Which is better? And why? I like the sealed canister idea, but the wet/dry seems more versatile. I want to add one of these to a salt water tank and probably one to my P tank. I need to get rid of the hang ons, since its the only way I can keep my damn cat out of the tank ??? I spend hours sifting his fricken hair out of the water......and one day I may find his skeleton in there


----------



## SnowCichlid. (Jan 10, 2003)

well you can make your own wet/dry filters if you want ... I am not sure how complicated it is but many people have made their own. maybe you could try doing that if you are mechanicaly inclined


----------



## Xenon (Nov 15, 2002)

Supernate has some instructions on his website regarding making your own wet/dry filter.
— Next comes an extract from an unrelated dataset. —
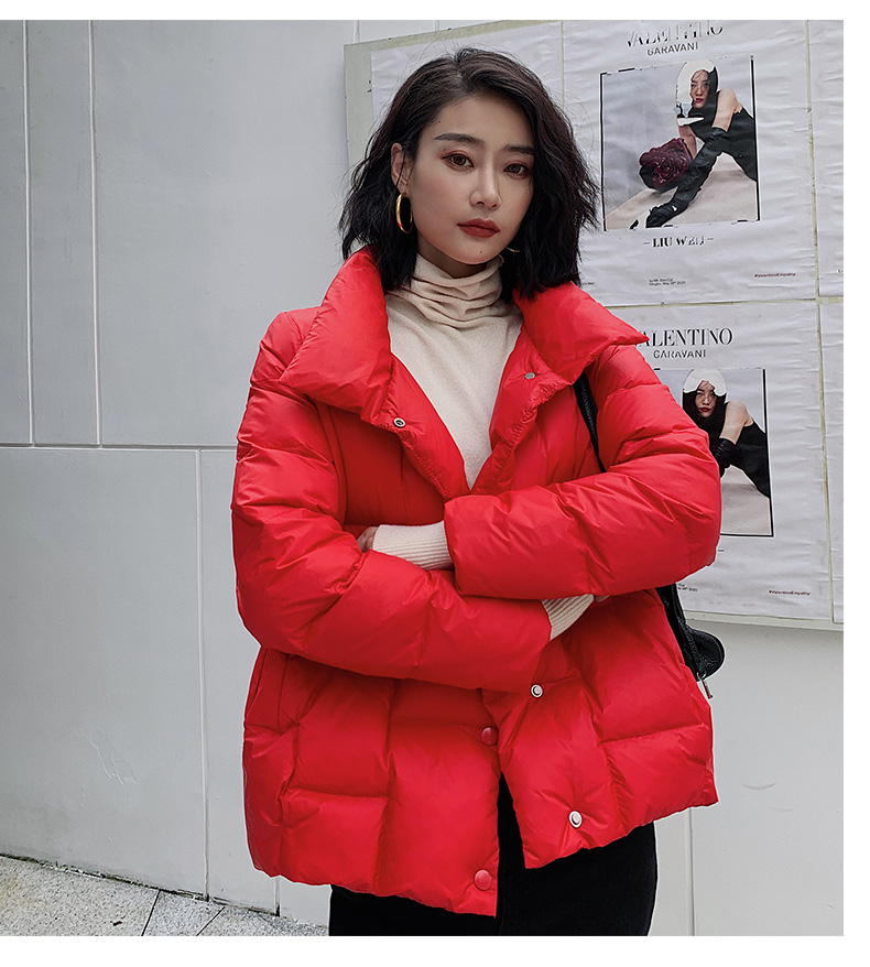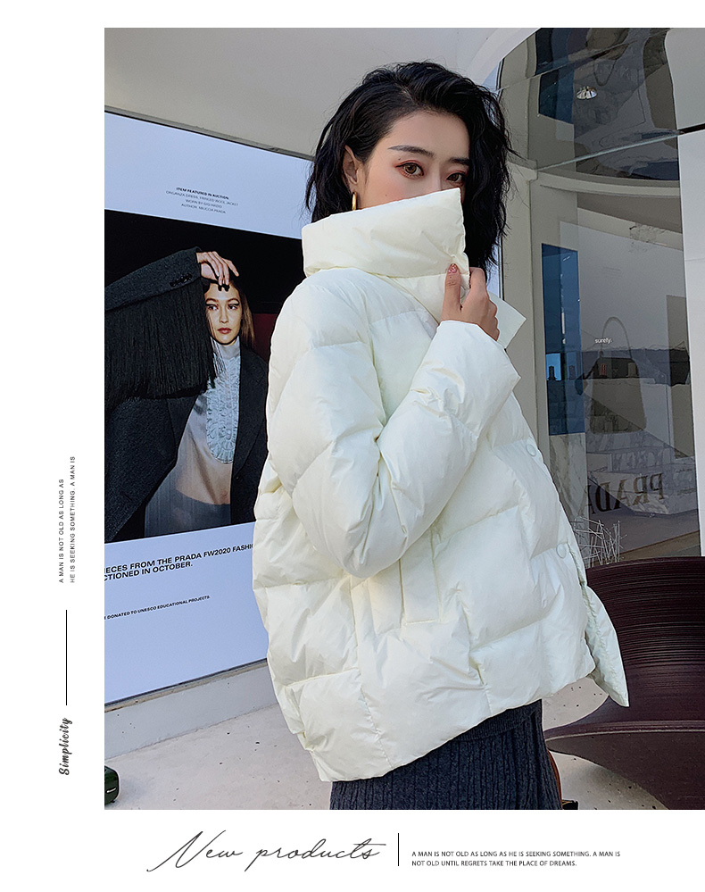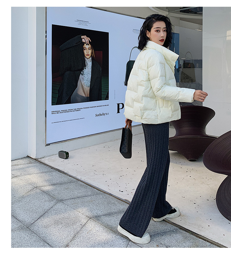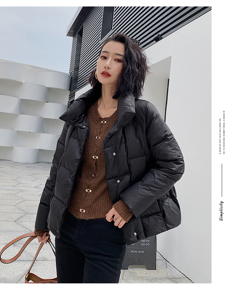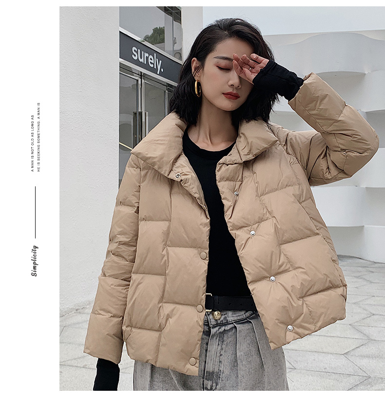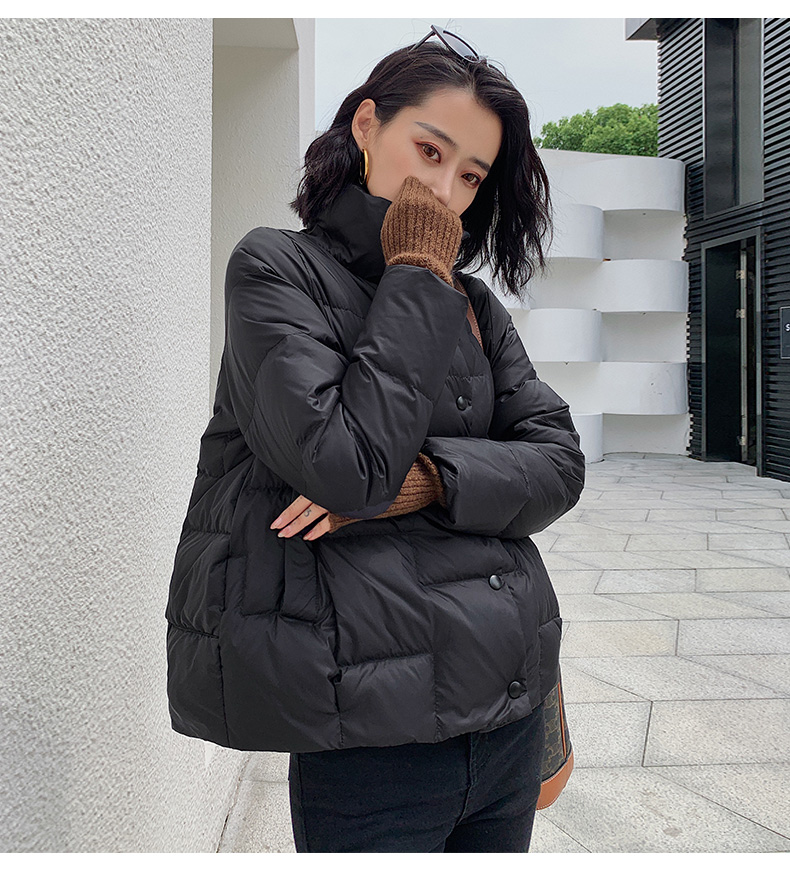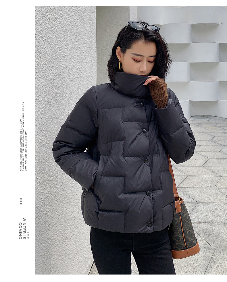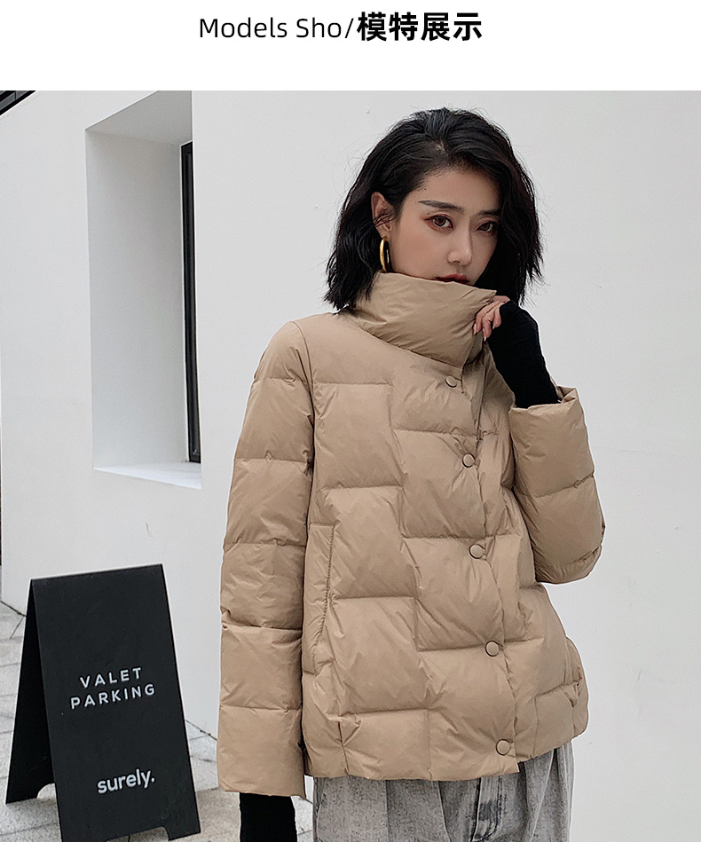 轻薄短款冬季外套服2023新款女士宽松立领保暖时尚简约外套女 qo56
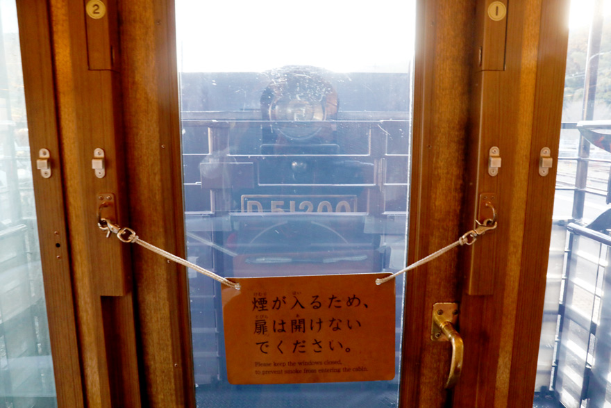〔「SLやまぐち号」1号車(グリーン車) 開放式展望デッキは新山口行きでは機関車が先頭なので開閉できない!〕

You can find it in the Links section. If you try this and have success, please let us know!


----------



## CHUD (Jan 4, 2003)

wet/dry by far. extremely easy to build, cheaper, and maintenance is a snap.


----------



## MPower (Jan 29, 2003)

Just build a wet/dry. You can find plans on the internet or go with supernates plans. Also you will be saving lots of money by building it.


----------



## ezlife (Jan 25, 2003)

does anybody have a link to supernates wet/dry DIY?, i am intrested in reading about it.


----------



## MPower (Jan 29, 2003)

Just check his member profile.


----------



## Sir Nathan XXI (Jan 29, 2003)

DIY page

there you go


----------



## xjfella95 (Feb 6, 2003)

Hey supernate, what do you use for a mechanical filter on your wet dry?

-BSM


----------